In this post, we prove a concentration inequality for bounded independent random variables due to Hoeffding.

Lemma 1. Suppose X is a real-valued random variable with \mathbb{E}[X] = 0 and \left|X\right| \leq c almost surely, for some positive constant c. Then

\displaystyle\mathbb{E}\left[e^{\xi X}\right]\leq\exp\left(\frac{\xi^{2}c^{2}}{2}\right) \text{ and } \displaystyle\mathbb{E}\left[e^{\xi\left|X\right|}\right]\leq 2\exp\left(\frac{\xi^{2}c^{2}}{2}\right), \indent \displaystyle\forall\xi\in\mathbb{R}

Proof. We first show that, for \xi \in \mathbb{R} fixed,

\displaystyle e^{\xi x}\leq\dfrac{e^{\xi c}(c+x)}{2c}+\dfrac{e^{-\xi c}(c-x)}{2c},\indent\forall x\in [-c,c]

Note that the function f(x) := e^{\xi x} is convex on [-c,c], since

\displaystyle f'(x)=\xi e^{\xi x}\Longrightarrow f''(x)=\xi^{2}e^{\xi x}\geq 0, \displaystyle\indent\forall x\in[-c,c]

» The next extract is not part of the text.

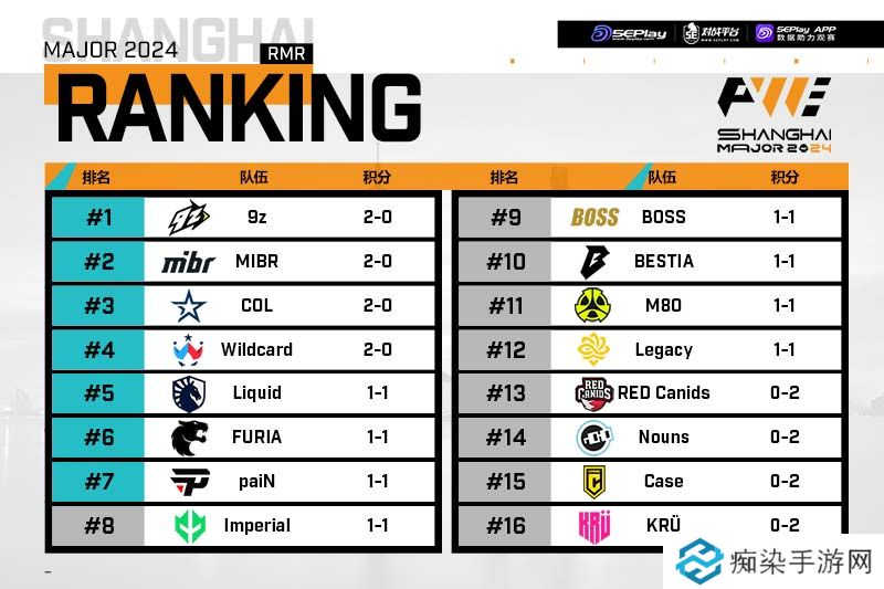上海Major美洲RMR首日比赛已经告一段落,首日进行了两轮瑞士轮BO1的比赛,其中9z、MIBR、Complexity、Wildcard均拿下了两连胜的好成绩,以下为今日赛果、明日预告和积分图一览。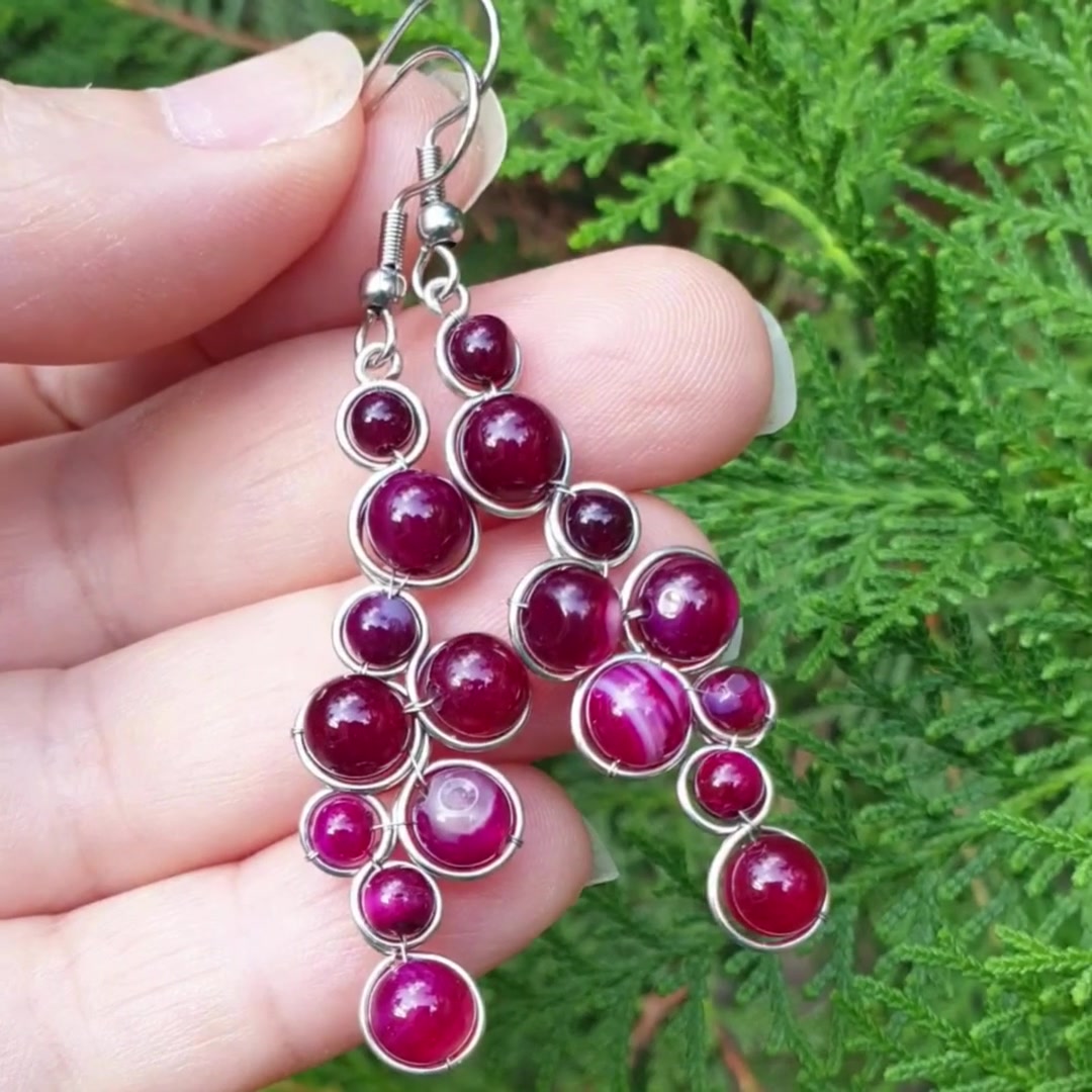 - Anyaga: ásvány, achát, ezüstözött ékszerdrót, nemesacél fülbevaló akasztó

Since \frac{c+x}{2c}+\frac{c-x}{2c}=1, we have by convexity that

\displaystyle e^{\xi x}=\exp\left(\frac{\xi c(c+x)}{2c}-\frac{\xi c(c-x)}{2c}\right)\leq e^{\xi c}\frac{c+x}{2c}+e^{-\xi c}\frac{c-x}{2c}

Denote the distribution function of X by F. Then since 0=\mathbb{E}[X] =\int_{-c}^{c}xdF(x), we have the inequality

\begin{array}{lcl}\displaystyle\mathbb{E}[e^{\xi X}]=\int_{-c}^{c}e^{\xi x}dF(x)\leq\int_{-c}^{c}\left[\dfrac{e^{\xi c}(c+x)}{2c}+\dfrac{e^{-\xi c}(c-x)}{2c}\right]dF(x)&=&\dfrac{e^{\xi c}+e^{-\xi c}}{2}\\&=&\dfrac{e^{\left|\xi\right|c}+e^{-\left|\xi\right|c}}{2}\end{array}

Applying the Taylor expansion to the preceding expression, we see that

\begin{array}{lcl}\displaystyle\frac{1}{2}\left[e^{\left|\xi\right|c}+e^{-\left|\xi\right|c}\right]=\frac{1}{2}\left[\sum_{k=0}^{\infty}\frac{(\left|\xi\right|c)^{k}}{k!}+\sum_{k=0}^{\infty}\frac{(-1)^{k}(\left|\xi\right|c)^{k}}{k!}\right]=\frac{1}{2}\sum_{k=0}^{\infty}2\frac{(\left|\xi\right|c)^{2k}}{(2k)!}&\leq&\displaystyle\sum_{k=0}^{\infty}\frac{(\left|\xi\right|c)^{2k}}{2^{k}k!}\\&=&\displaystyle\exp\left(\frac{\xi^{2}c^{2}}{2}\right)\end{array},

which completes the proof. \Box

Note that if X \in [a,b], almost surely, where a,b are finite constants, then the preceding argument gives us the upper bound

\displaystyle\mathbb{E}[e^{\xi X}]\leq\exp\left(\frac{\xi^{2}(b-a)^{2}}{8}\right)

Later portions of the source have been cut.